Looking around today, it’s hard to escape the conclusion that our world is exquisitely fucked. Of course, there’s a lot of beauty in the world at the same time, but the sheer magnitude of violence, greed, hatred, and straight-up stupidity can be overwhelming if we let ourselves pay attention and care.

The terrifying part for me is what happens to good-hearted people when we get overwhelmed by all of it. We’re committed to paying attention and caring, and we refuse to escape into whatever privilege we can find. However, the intensity of suffering we experience poisons us, and we lose touch with our humanity. We either end up in despair on one side, or we fall into toxic righteousness on the other.

Toxic righteousness is a term created by writer and activist Starhawk to describe the anger-fueled self-certainty that pervades our political discourse. Toxic righteousness is what happens when we’re mere inches from despair but somehow summon enough strength to lash out instead of collapsing. In that state, we’re incapable of listening, and often don’t even see why we should, since our opponents are less than human. If anyone tries to say that our vitriol and indignation aren’t helping, we get violently defensive because we believe the only alternative is giving up entirely.

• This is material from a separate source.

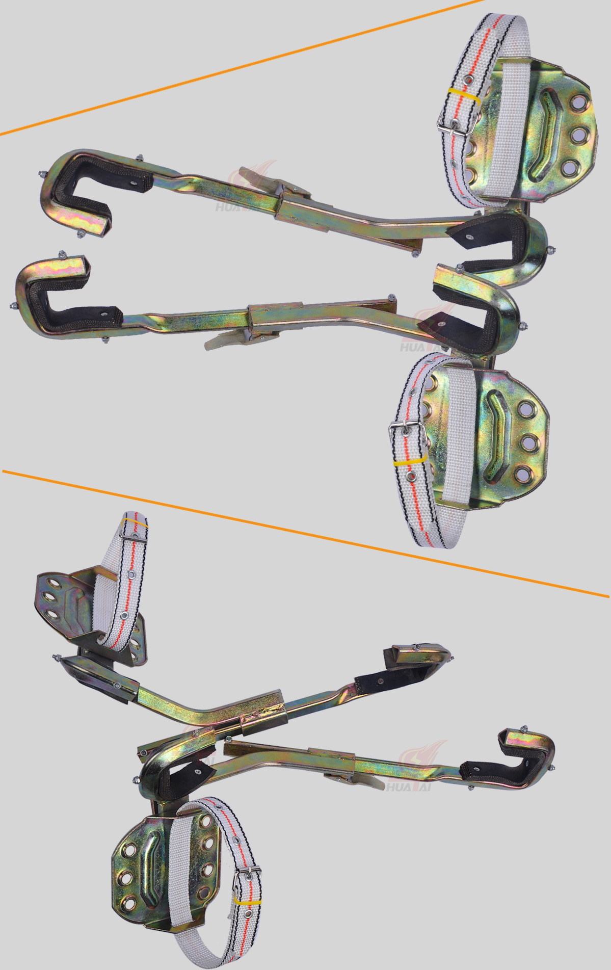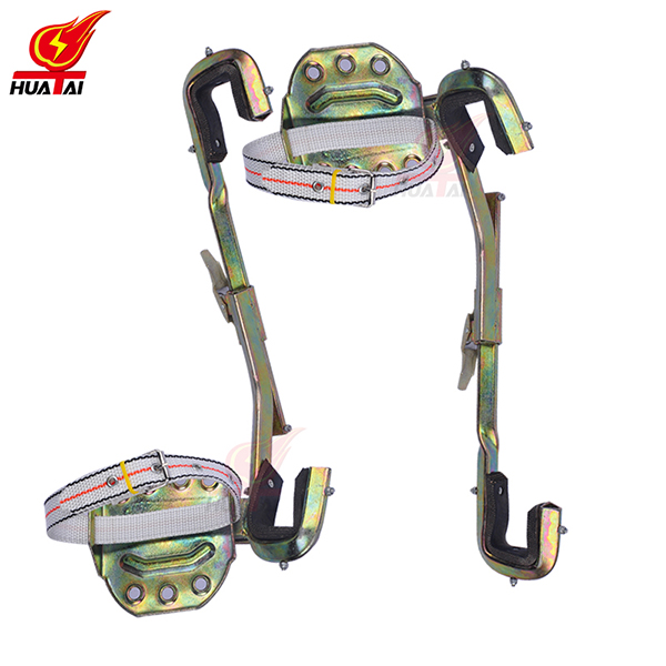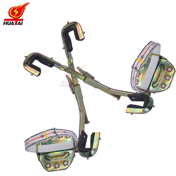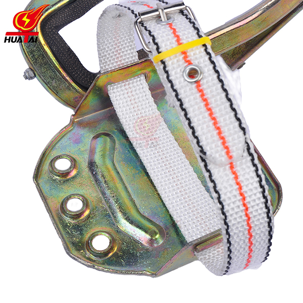 3、正式攀登前應對腳扣作人體沖擊試登,判斷腳扣是否有變形和損傷。登桿前應將腳扣登板的皮帶系牢,登桿過程中應根據桿粗細隨時調整腳扣尺寸。

The challenge of staying human in a fucked-up world comes down to how we respond to the immensity of suffering that confronts us from every direction. Whether I’m suffering from things in my own life, things in the lives of people I love, or the pain I feel when I pay attention to the conditions in our world (and it’s usually all of those), I have to find a way to take care of the compassion in me so that I don’t end up overwhelmed. If I can’t, I’ll find myself in despair, possessed by toxic righteousness, or (worst of all) I’ll find whatever little bubble of privilege I can escape into and stop caring.

Once I understand that the suffering in the world can turn me into someone I don’t want to be, I become extremely motivated to find a way to stay human. I don’t want to stop caring, and I don’t want to drown in anger and bitterness. I want to stay present and be a force for good. I want to become Thich Nhat Hanh’s banana leaf with enough joy and peace that I’m able to benefit myself and others. I refuse to let everything that’s fucked up in the world strip me of my humanity.

FROM HERE TO THERE

How do I become that kind of person? How do I strengthen that capacity in me? What am I supposed to do if it’s not easy for me? What if I really struggle with anger, despair, and shutting down? Is it possible to change?

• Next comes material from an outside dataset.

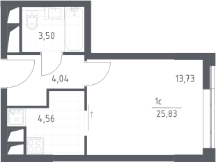 Студия № 31, 25.83 м2 с отделкой 3 эт.

I can almost guarantee that when I was first exposed to mindfulness and compassion training as a nineteen-year-old college student, I was a much more fucked-up person than you are. I grew up poor in Boston with an alcoholic single mother. I was constantly bullied, homeless as a teenager, and I never knew my father. By the time I got to college, I was angry and lonely, and had few social skills.

When a political science professor of mine assigned Peace Is Every Step by Thich Nhat Hanh, it changed everything. I immediately recognized that mindfulness and compassion were exactly what were missing from my life. Then—as nineteen-year-olds sometimes do when they find something that makes sense to them—I immersed myself in these practices, often spending several months on retreat with Thich Nhat Hanh each year and following him wherever he went.

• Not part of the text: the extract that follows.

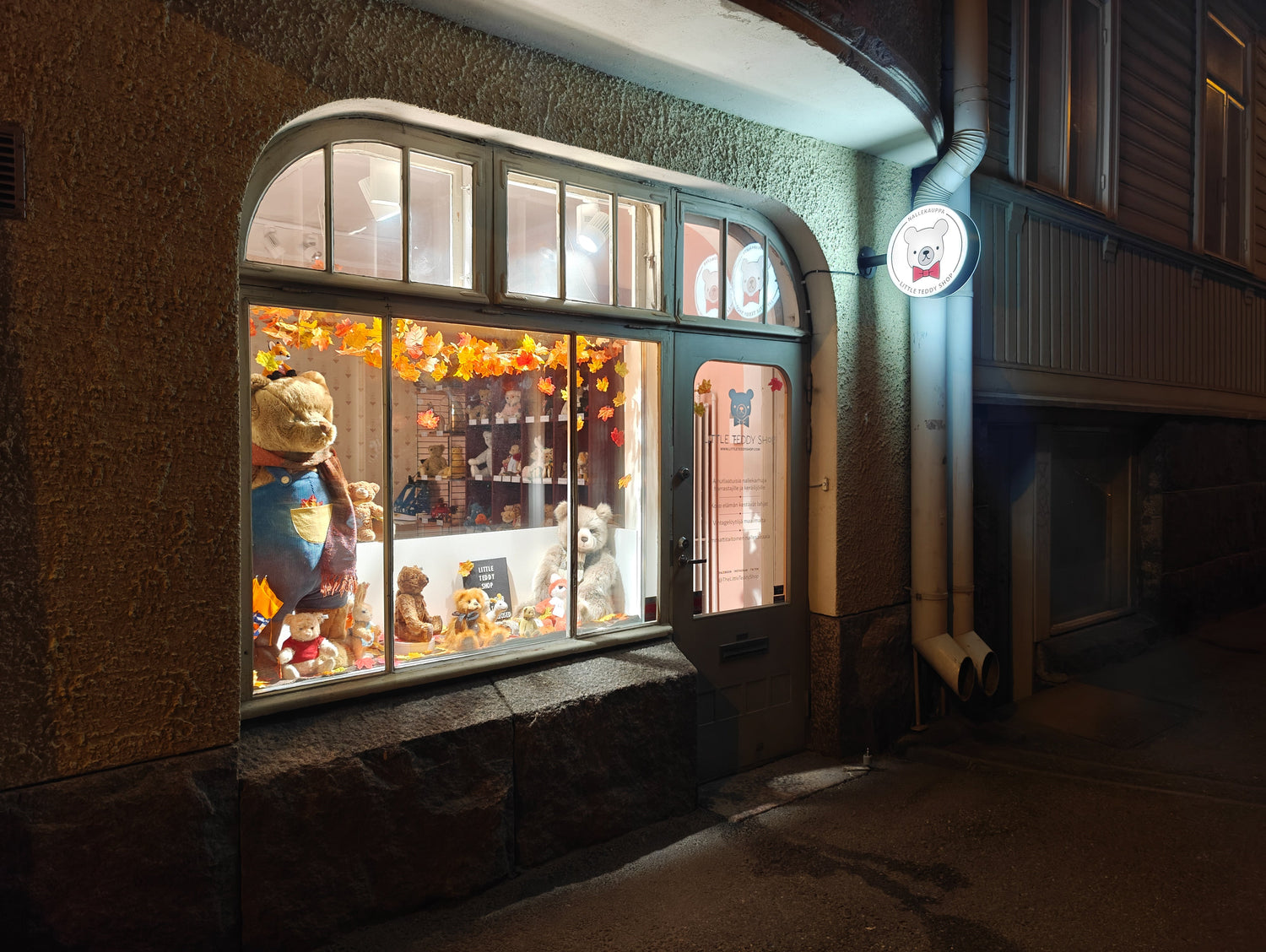 Tällä hetkellä Helsingin liikkeemme näyteikkunassa olevat nallet.

Through all that practice and study, I’ve learned to experience more joy and freedom than I would have thought possible. I’ve gone from being someone with an intense amount of suffering and self-destructiveness to someone with real intimacy and harmony in my life. If I can change, anybody can.

NOTHING IS FREE (UNTIL IT IS)

On the other hand, change isn’t easy, and it doesn’t happen on its own. It requires that we find ideas and practices that make sense to us on a deep level. We have to engage with those ideas and allow them to change how we see the world. Then we have to put them into practice and see what effects they produce in our lives. Finally, when we find a teaching or training that feels truly helpful, we must commit ourselves to deliberate practice. The more time and effort we invest, the greater the change we can expect to see.